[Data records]
:::
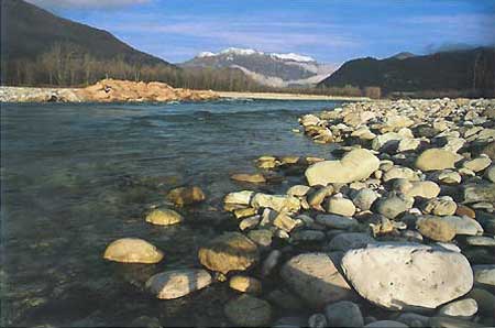Gefälle und Granulation sind mehr oder weniger homogen; der Kies liegt bei einem Durchschnittswert von 20-50 mm. |
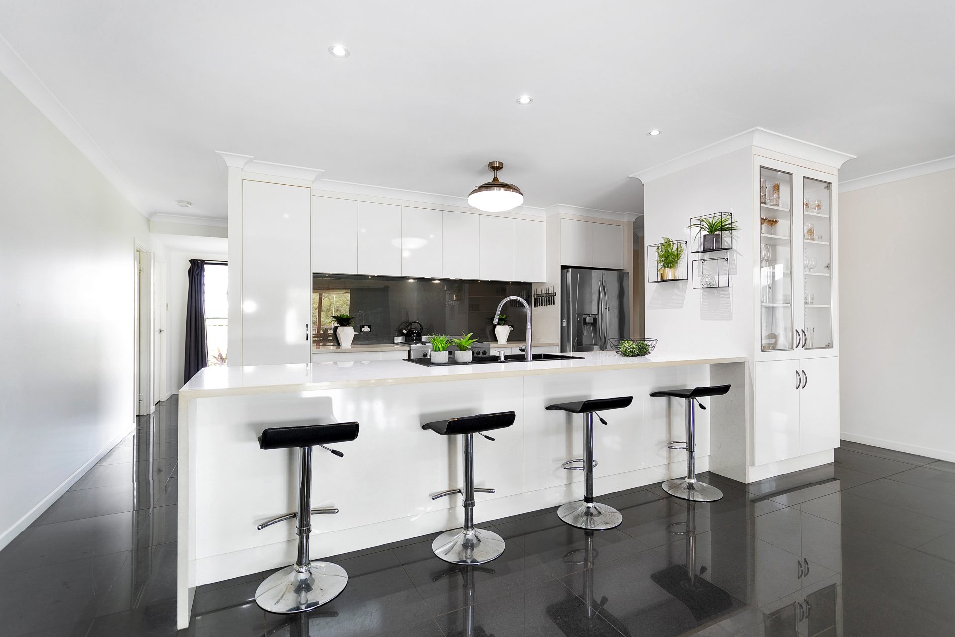 Spacious open plan family and dining with a raked ceiling in the living area creating a light and airy ambiance. The beautiful island-style kitchen overlooks the family room and features plenty of storage and bench space, stainless steel appliances including 900mm gas cooktop, dishwasher, and provision for wine fridge + work station to house all the appliances. Massive walk-in pantry.
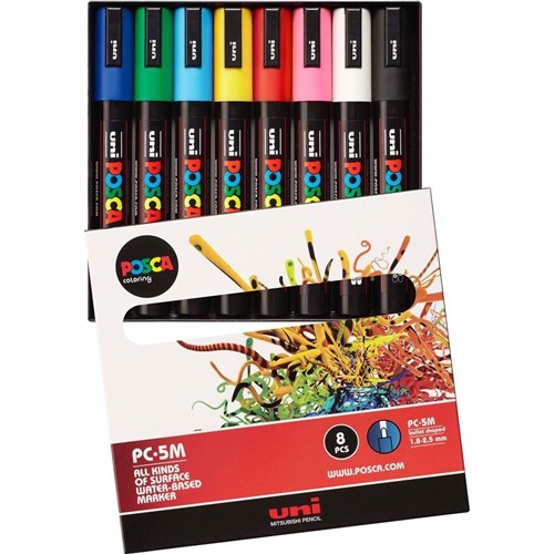UNI Posca Poster Marker PC-5M 2.5mm Medium Bullet Assorted Pack of 8
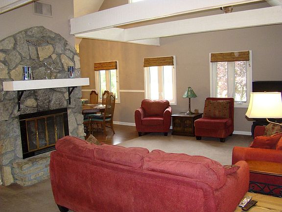 Open floor plan, stone fireplace,
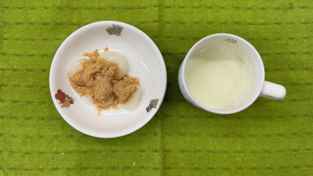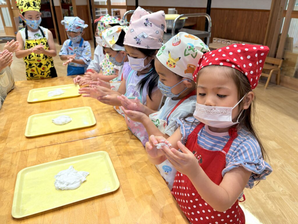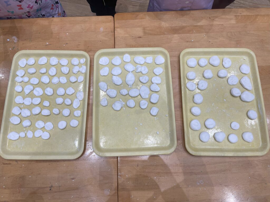 『中秋の名月』 今日は中秋の名月ですね。中秋の名月とは、秋の真ん中の夜に見える、一年で最も美しい月の事です。秋の収穫に感謝を美しい月に祈る日とも言われています。供えられる「月見団子」をきりん(4.5歳児)組が作りました。「やわらかい」「ふわふわする」と言いながら丸めました。おやつは「お月見団子」今夜、綺麗なお月様が見えますように・・。
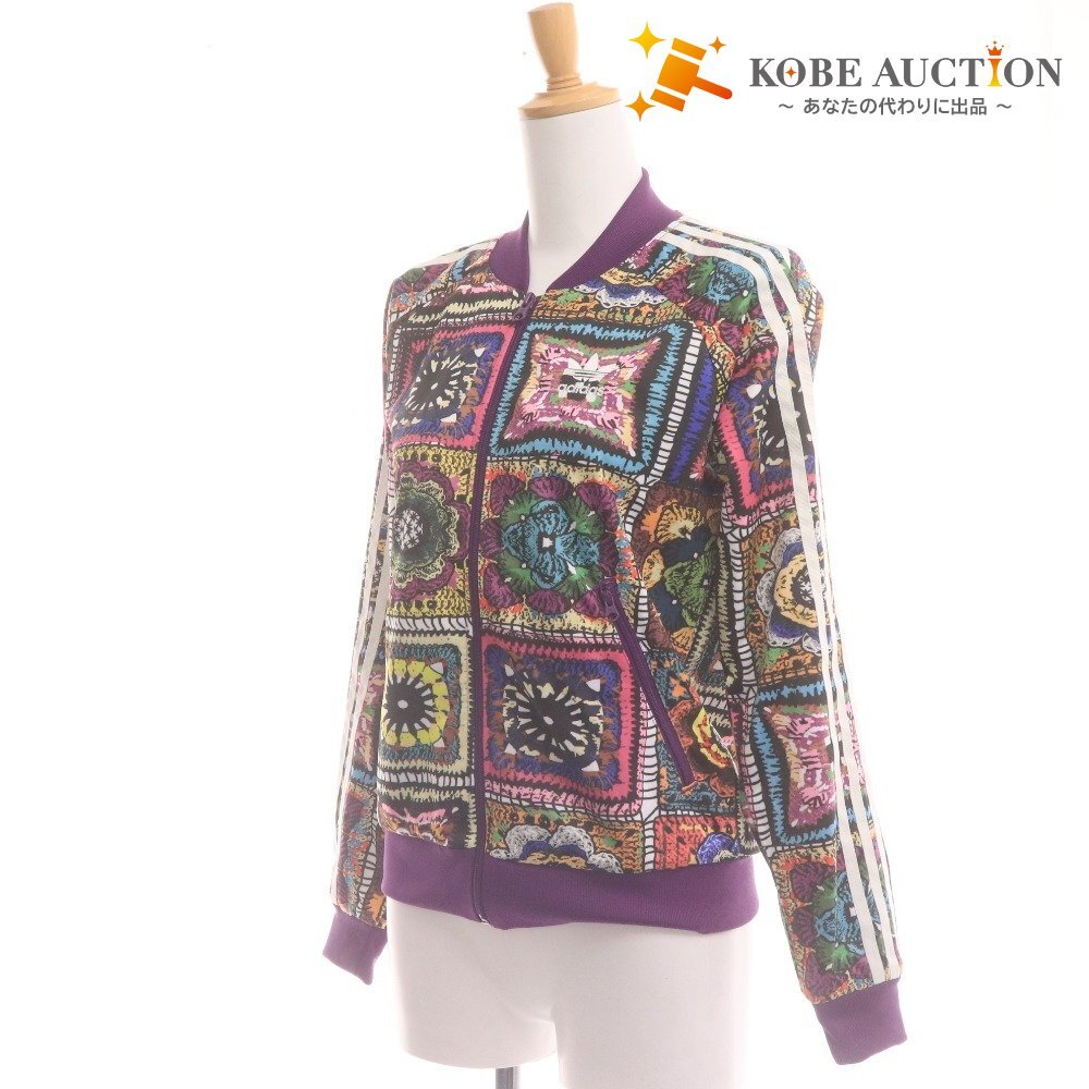 > ■ アディダス ジャージ ブルゾン アウター ジップアップ 総柄 ロゴ レディース L パープル系
:::
- What the exercise asks
Using the data above, which lines fall from the one with "Spacious open plan" through the one with "Open floor plan, stone"? Repeat them exactly, ends included, minus any pictures.

- Result of the task
 Spacious open plan family and dining with a raked ceiling in the living area creating a light and airy ambiance. The beautiful island-style kitchen overlooks the family room and features plenty of storage and bench space, stainless steel appliances including 900mm gas cooktop, dishwasher, and provision for wine fridge + work station to house all the appliances. Massive walk-in pantry.
UNI Posca Poster Marker PC-5M 2.5mm Medium Bullet Assorted Pack of 8
 Open floor plan, stone fireplace,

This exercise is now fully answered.